● Supplied data
####################

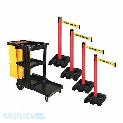 Barrier Systems Belt Color Yellow with Black Text Belt Message Danger - Keep Out Post Color Red Base Color Black Belt Length 10 ft Post Dia 2 1/2 in Post Height 40 in Post Material PVC Base Dia 15 in Base Type Square Base Material Rubber Cart Material Plastic Overall Height 44 1/2 in Overall Width 21 3/4 in Overall Depth 46 in Includes Barrier Cart Bungees and Yellow Bag Four Posts and Bases
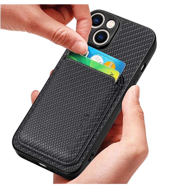 Magnetic Case with Card Holder for iPhone 15 Plus - Carbon Fiber
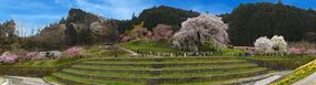 | 又兵衛桜 マップ 令和6年4月5日 宇陀市の一本桜で 樹齢約300年のシダレ瀧桜 大坂の陣で活躍した戦国武将後藤又兵衛が豊臣家崩壊後この地で暮らした その時の後藤家屋敷跡にある パノラマ画像 |

####################

Word for word, restate all of the data, but do not copy the pictures.

 Barrier Systems Belt Color Yellow with Black Text Belt Message Danger - Keep Out Post Color Red Base Color Black Belt Length 10 ft Post Dia 2 1/2 in Post Height 40 in Post Material PVC Base Dia 15 in Base Type Square Base Material Rubber Cart Material Plastic Overall Height 44 1/2 in Overall Width 21 3/4 in Overall Depth 46 in Includes Barrier Cart Bungees and Yellow Bag Four Posts and Bases
 Magnetic Case with Card Holder for iPhone 15 Plus - Carbon Fiber
 | 又兵衛桜 マップ 令和6年4月5日 宇陀市の一本桜で 樹齢約300年のシダレ瀧桜 大坂の陣で活躍した戦国武将後藤又兵衛が豊臣家崩壊後この地で暮らした その時の後藤家屋敷跡にある パノラマ画像 |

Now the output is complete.